2011 update: It seems that life has caught up to Mr. Stanford. He is now in U.S. custody awaiting trial on financial charges. See the Wikipedia article. Other articles from the Telegraph and the Guardian are linked in this sentence, and Eli is quoted in the latter.
We really enjoyed and thoroughly recommend the Eco-Tour, which returned us to Jolly Harbour at the end of the day.

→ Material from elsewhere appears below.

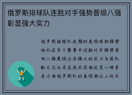 俄罗斯排球队连胜对手强势晋级八强彰显强大实力
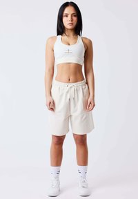 Personne portant un short écru à cordon de serrage avec le logo PXP, des chaussettes blanches de marque, et des baskets blanches, debout avec une main dans la poche.

We reserved all day Friday and a little bit of time Saturday morning to get in some last relaxation. One of the most interesting things about Antigua was the animals. All over the island, one would see sheep, goats, cows, and the occasional horse or donkey (also note the chickens on the left in this picture). On Friday, I took a lengthy walk/hike near the resort to capture some of these four-legged friends, including this group, which prompted my question: Why did the goat cross the road? We saw many without even having to leave the resort, including the cat that always hung around at breakfast (and was picky about which breakfast foods it wanted), this great white egret on the bushes right next to our porch, and this less-pretty, less-cuddly specimen on our porch.
Saturday at lunch it was off to the airport. On the way, our friendly cabbie J.J. (whose entire family, from his father to all his sons to his grandson, also has the initials J.J.) enlightened us on how to differentiate sheep from goats. As it turns out, it's quite simple: "Goats, tail up; sheep, tail down."
We enjoyed our time in Antigua very much. If you're looking for an interesting Caribbean destination with a nice hint of British flavor, Antigua may be for you. The resorts run the gamut from quiet to posh to more party-oriented. The people are nice, the ecology beautiful, and the beaches plentiful. If you go in the summer, like we did, be aware of hurricane season (we went in early July so it wasn't really an issue) and remember that Antigua is in the tropics, so it will be hot. Also note that you are leaving the U.S. and heading to a relatively poor foreign nation, so if you want the tropical feel with American amenities and/or opulence, you're better off headed to Hawaii. Finally, as the mosquito netting on our bed in the picture above should have alerted you, there are quite a few mosquitoes in Antigua. The breeze kept them at bay a fair amount, but you should expect some bites, particularly if your resort accommodations are open-air and you have lights on at night. (For an appropriate variation on those Corona commercials, check out this picture.)